A number of host genetic variants have now been identified that show significant association with HIV disease progression, and to a much lesser extent with resistance to infection. Because of relatively sparse information regarding genetic resistance to HIV-1 infection, the remainder of this review will address only the genetic associations with disease progression after infection. Although some of these genetic effects are quite significant, their influence tends to be weak and detectable only in large cohorts that are well defined with regard to clinical parameters. These findings fulfill predictions of the complex genetic interactions between host and pathogen. Despite this complexity, there is now sufficient information regarding the genetic influence on AIDS progression that these genetic factors should be controlled for when designing experiments to test functional correlates of disease resistance.
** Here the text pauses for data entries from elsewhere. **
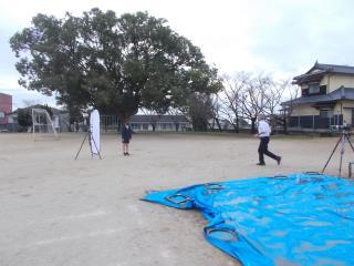 運動場で6年生が卒業アルバム用の写真撮影を行っていました。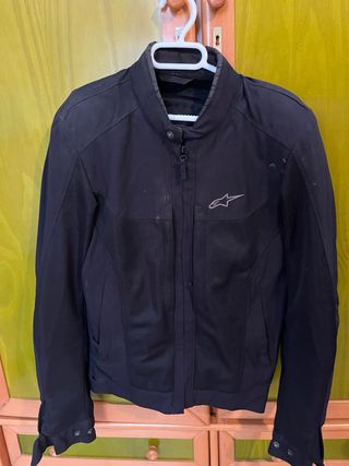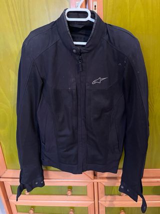 Chaqueta de verano de moto Alpinestars de cordura, con tela de rejilla para ventilación y protecciones - Talla S. - Diseño en color negro. - Cierre de cremallera frontal. - Cuello alto con cierre de botón. - Logo de Alpinestars en el pecho.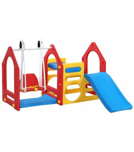 LittleTom - Palestrina per Bambini 1-4 anni 155x135cm Casetta gioco incl Scivolo Altalena Scalata Rosso Giallo Blu
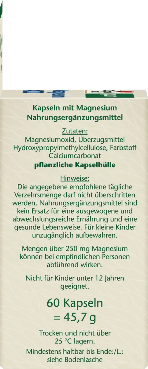 Точное название продукта: Капсулы с магнием. Пищевая добавка. Состав: оксид магния, глазирующий агент гидроксипропилметилцеллюлоза, краситель карбонат кальция. Растительная оболочка капсулы. Пожалуйста, обратите внимание на информацию об аллергенах.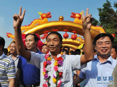 當(dāng)日,被日方非法抓扣的中國漁船船長詹其雄返回家鄉(xiāng)--福建晉江市深滬鎮(zhèn)港滬村。當(dāng)?shù)剜l(xiāng)親熱情迎接他歸來。 新華社記者張國俊攝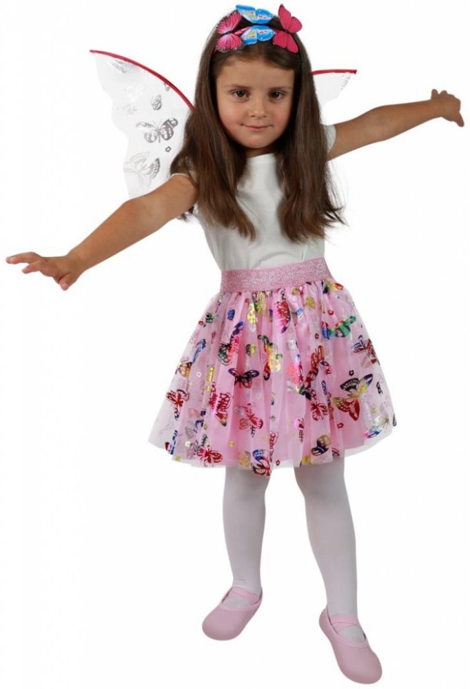 Roztomilá sukýnka TUTU je určena pro holčičky. Nadýchaná sukýnka růžové barvy s potiskem barevných motýlků. Součástí této sady je senzační čelenka a perfektně sladěná křídla.

Here we provide a brief review of the reported genetic associations with progression to AIDS and the association of overall genetic risk values to illustrate the importance of these effects collectively on the development of AIDS progression. Allele frequencies and relative hazard (RH) values for each of the individual variants used to generate a composite RH in this report are presented in Table 1, Table 2, Table 3. Selection of the variants used in this study was based on significance of the genetic association between each variant and progression to AIDS in the cohorts routinely used in the Laboratory of Genomic Diversity at the National Cancer Institute. Detailed descriptions of these associations [3], [7], [8], [9], [10], [11], [12], [13], [14] and the cohorts used in these studies [15], [16], [17], [18], [19] have been reported previously. We included each host genetic variant as a covariate in the Cox model to generate the most accurate RH values possible based on our current knowledge of these effects on this disease in our cohorts. Given the strength of the association between composite RH values and disease progression, we strongly suggest that genetic variation among subjects be taken into account in clinical trial involving HIV.
Section snippets
CCR5-Δ32 and CCR2-64I
The CCR5 gene became an obvious disease gene candidate for potential influence on HIV-1 infection upon discovery that CCR5 serves as a co-receptor for isolates of HIV-1 that generally initiate infection (R5 isolates) [20], [21], [22], [23], [24]. CCR5 contains a single open reading frame (exon 4) of only 1055 base pairs and a common, severe mutation characterized by a 32 base pair deletion, CCR5-Δ32, was rapidly identified [3], [4], [5], [6]. The deletion begins in the region encoding the third
Composite genetic risk associates strongly with AIDS progression
The optimum strategy for taking genetic background into account in a study of functional differences relating to disease progression is to match cases and controls for all genetic variants believed to influence progression. However, as more genetic factors affecting progression are identified, it will be increasingly difficult to find enough subjects who are identical with respect to all factors judged to be important. An alternate strategy would be to match cases and controls by similar
Conclusions
Data regarding the host genetic effects on HIV pathogenesis have been accumulating at a relatively rapid rate since the identification of CCR5-Δ32, a severe deletion in one of the two primary co-receptors for the virus. The contribution of host genetics in addition to variation in the virus and environmental factors has now been clearly demonstrated. As illustrated herein, the composite effect of eight genetic factors on AIDS progression is substantial. Controlling for known genetic effects is
Acknowledgements
The content of this publication does not necessarily reflect the views or policies of the Department of Health and Human Services, nor does mention of trade names, commercial products, or organizations imply endorsement by the US Government. This project has been funded in whole with Federal funds from the National Cancer Institute, National Institutes of Health, under Contract No. NO1-CO-56000.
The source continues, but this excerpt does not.